Cette massive princesse devait être une excellente poulinière.
Avec elle il était certain de donner à l’empire un héritier.
Sous le rapport moral, les indices et les notions qu’on lui envoyait étaient également satisfaisants.
Marie-Louise avait été élevée avec un soin minutieux et soumise à une règle étroite, très sévère, presque monastique. Son éducation avait été poussée assez loin.
On avait multiplié pour elle les maîtres de toute sorte. Elle savait presque toutes les langues de l’Europe: le français, l’anglais, l’allemand, l’italien, l’espagnol, le bohême, le turc même. Elle était destinée à être l’épouse d’un prince quelconque et il était bon qu’elle apprît, dès l’enfance, l’idiome de ses futurs sujets.

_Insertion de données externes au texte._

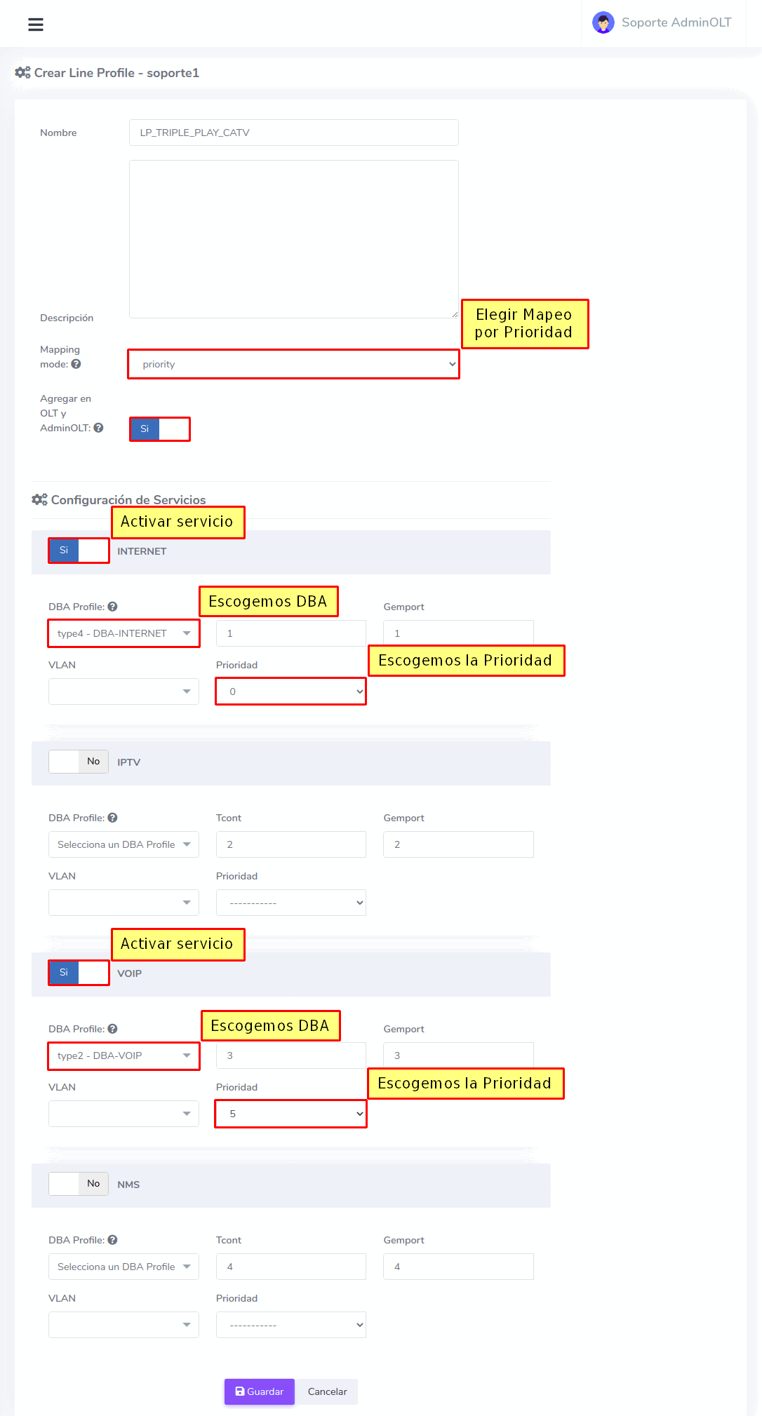 El Triple Play es la capacidad de dar servicio de internet, televisión y telefono a través de nuestra red de fibra óptica. Para ello es necesario que configuremos esos servicios desde AdminOLT

La musique n’avait pas été oubliée. La harpe achetée par Napoléon et que Lefebvre avait admirée aux Tuileries, prouvait que son futur mari n’ignorait pas ses talents de musicienne.
Quant à la religion, on lui en avait inculqué les pratiques extérieures, sans trop lui laisser approfondir les dogmes. Le hasard des accords politiques pouvait lui donner pour époux un prince catholique, orthodoxe, luthérien, calviniste.
Il ne fallait pas que la religion fût un obstacle à une alliance profitable aux intérêts de la cour d’Autriche.
Elle suivrait les rites du pays où les calculs diplomatiques des conseillers de son père la feraient régner.
Dans une grande simplicité elle avait été maintenue. Il n’y avait pas que le soldat qui ne fût pas riche, au service de l’Empereur François, comme le disait le dicton. Les revers successifs, les provinces perdues, les armées détruites et renouvelées, les contributions de guerre, avaient épuisé le trésor autrichien. On vivait à l’économie à la Cour de Vienne. Aucun faste. Nulles réceptions solennelles. De petites soirées intimes, presque bourgeoises. De la musique et de modestes rafraîchissements. Aucun meuble de prix dans les appartements, nul objet d’art dans les galeries vides, pas de bijoux. La jeunesse de Marie-Louise s’était écoulée un peu comme à l’auberge, dans le palais de ses pères. On passait son temps, autour d’elle, à faire les malles et à décamper devant Napoléon.